Литмир - Электронная Библиотека

Да, это он. Над лесом заструился дым, и на опушку, с треском валя деревья, выступил Равана — десятиголовый и двадцатирукий великан. Какой-то смельчак дракон вылетел из-за горы и откусил одну из голов. Равана, не ожидавший такой дерзости, взревел от боли. У него мгновенно выросла новая голова, а в двадцати руках появились золотые мечи — все происходило, как в индийском эпосе «Рамаяна».

Из засады вылетел полк драконов. Зрелище устрашающее: сверкали на солнце чешуйчатые панцири, из пастей вырывалось пламя. Равана, завращав мечами, окутался сияющим золотым ореолом. Драконов он изрубил на куски.

Ангелы бросили в бой невзрачного седовласого старца с посохом в руке. Редко кто мог устоять против его злых чар. Однако заклинания и чары не действовали на представителя чуждой мифологии. Равана даже не заметил грозного старца. Он случайно наступил на него и раздавил, как червяка.

И только тут, когда обычные средства были испробованы, выступил сатана. Громадное облако с дворцами на ослепительно снежных вершинах на сей раз не выплыло из-за горизонта. Оно возникло в небе, словно из небытия, — внезапно и впечатляюще.

— Здорово! — восхитился мой Усач.

Нечистая сила, приникшая к экранам, была заворожена феерически красивым зрелищем. Сатана не торопясь вышел из дворца, на краю облака взмахнул скипетром и окутался радугой, похожей на северное сияние. Затем обрушил на пришельца исполинские ветвистые молнии. Грянул гром, всколыхнувший землю.

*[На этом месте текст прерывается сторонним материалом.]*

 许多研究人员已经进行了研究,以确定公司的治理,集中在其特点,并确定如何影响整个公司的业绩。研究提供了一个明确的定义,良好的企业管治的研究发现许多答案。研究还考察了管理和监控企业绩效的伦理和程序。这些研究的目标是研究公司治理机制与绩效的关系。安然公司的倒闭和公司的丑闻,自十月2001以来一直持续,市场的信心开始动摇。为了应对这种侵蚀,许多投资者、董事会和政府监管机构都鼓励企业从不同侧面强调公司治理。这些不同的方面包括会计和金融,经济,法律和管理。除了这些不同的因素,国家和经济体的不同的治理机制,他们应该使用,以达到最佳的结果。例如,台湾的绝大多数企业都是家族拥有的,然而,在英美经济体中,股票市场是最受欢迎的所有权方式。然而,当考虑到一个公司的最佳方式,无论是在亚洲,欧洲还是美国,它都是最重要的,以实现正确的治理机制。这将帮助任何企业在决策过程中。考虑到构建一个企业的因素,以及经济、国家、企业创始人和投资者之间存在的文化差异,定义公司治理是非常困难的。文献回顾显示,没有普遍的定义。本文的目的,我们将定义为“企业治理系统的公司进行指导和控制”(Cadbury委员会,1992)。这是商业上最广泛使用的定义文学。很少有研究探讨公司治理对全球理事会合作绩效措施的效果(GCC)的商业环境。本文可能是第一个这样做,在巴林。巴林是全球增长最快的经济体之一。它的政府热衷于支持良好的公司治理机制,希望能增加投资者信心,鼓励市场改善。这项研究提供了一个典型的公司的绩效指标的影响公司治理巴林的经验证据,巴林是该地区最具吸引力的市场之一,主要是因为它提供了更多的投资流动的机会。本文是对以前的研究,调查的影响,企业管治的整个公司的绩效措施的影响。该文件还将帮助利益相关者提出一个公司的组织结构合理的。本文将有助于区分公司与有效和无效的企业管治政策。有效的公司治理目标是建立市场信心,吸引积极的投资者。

Равана, сверкая мечами, рубил молнии, и те со стеклянным звоном крошились, рассыпались в стороны, обессиленно шипели искрами и гасли, не долетев до земли.

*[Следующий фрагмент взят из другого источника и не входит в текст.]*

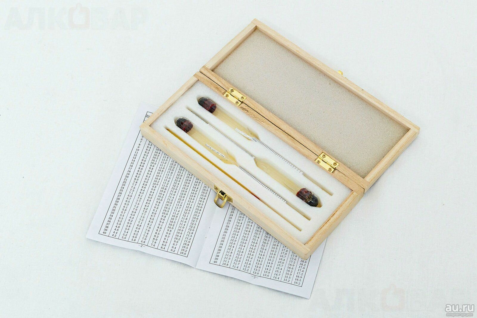 Набор спиртометров в деревянном футляре АСП-3 0-40%, 40-70%, 70-100% + Термометр ГОСТ 18481-81. Спиртометр, Ареометр информация: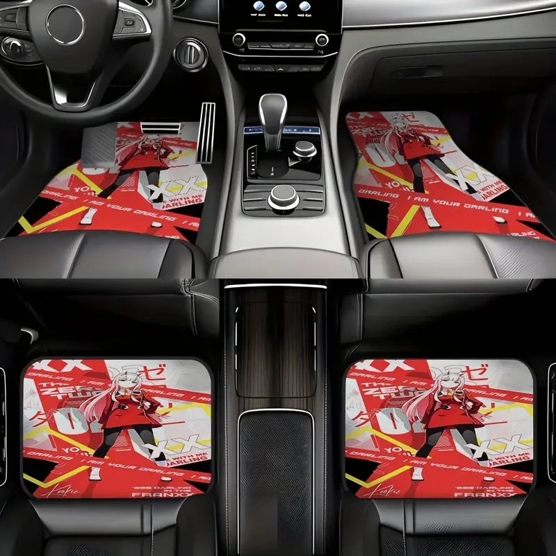 5. 4-Piece Anime Series Style Pattern Rubber Mats, Non-Slip Carpets, Easy-Clean Accessories, Synthetic Rubber Material, Suitable for Front and Back Seats in Vehicles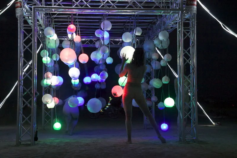 MICRO explores the small universe that is our body and mind. It consists of an 10ft x 14 ft x 10ft structure that has 200 translucent balls hanging from the top of the structure, each ball containing a speaker. When a ball is bumped into it generates a unique sound, and lights up with one of 5 different colors. As people play with the balls they are engulfed by a symphony of lights and sounds surrounding them on all sides.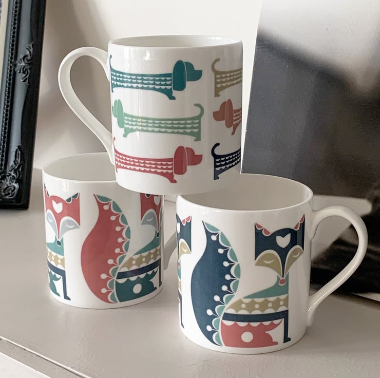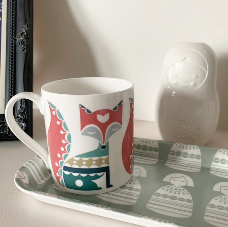 This cute Vintage Fox bone china mug is a lovely mix of mid century colour pops. A contemporary design, with a bold 3 fox repeat, the mug both beautiful & functional. A perfect way to enjoy your Sunday cappucino or a lovely cup of tea.

Гроссмейстер на миг смешался, потом гневно топнул ногой, и облако пролилось ливнем. Не дождевые струи, а силовые поля обрушились вниз. Извивающиеся и гибкие, как щупальцы спрута, они, казалось, вот-вот пленят наглеца. Но тот рубил их, как паутину. Сатана начал швыряться своими самыми разрушительными молниями — шаровыми. Но и те легко рассекались золотыми мечами и лопались, как мыльные пузыри.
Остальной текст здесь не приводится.